Aerobic metabolism estimates
Aerobic metabolic capacity was estimated from citrate synthase (EC 4.1.3.7) and
cytochrome c oxidase activities (EC 1.9.3.1), two mitochondrial enzymes well correlated to
the oxygen consumption in vertebrates and invertebrate tissues (Childress and Somero 1979;
Thuesen and Childress 1993; Thuesen and Childress 1994).
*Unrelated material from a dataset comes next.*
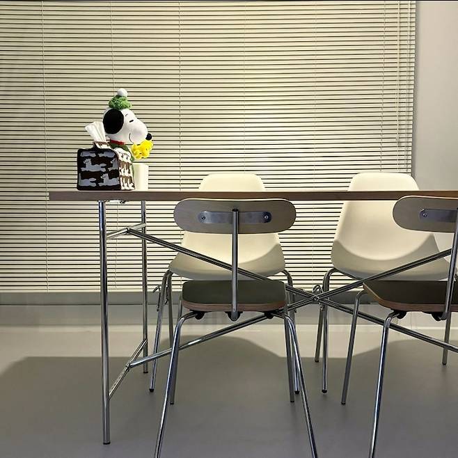 그리고 저희 집 모든 창은 커튼이 아닌 블라인드를 달았는데 깔끔하고 군더더기 없어 철제 테이블이랑 체어들과도 잘 어울리는 것 같아요 :)

Citrate synthase activity was measured according to the protocol of Sheperd and Garland
(1969) modified for multiwell plates. Twenty µl of diluted sample were added to 160 µl of
Tris-HCl buffer (100 mmol l-1, pH = 8.0) containing 15 µmol l-1 of 5,5’-dithio-bis(2nitrobenzoic acid) (DTNB) and 25 µmol l-1 acetyl-CoA. Consumption of acetyl-CoA was
followed at 420 nm after adding 20 µl oxaloacetate 50 µmol l-1 (25°C). CS activity was
estimated using the molar extinction coefficient of DTNB (13.600 mol.l-1.cm-1) and expressed
in international units (µmol DTNB consumed.min-1).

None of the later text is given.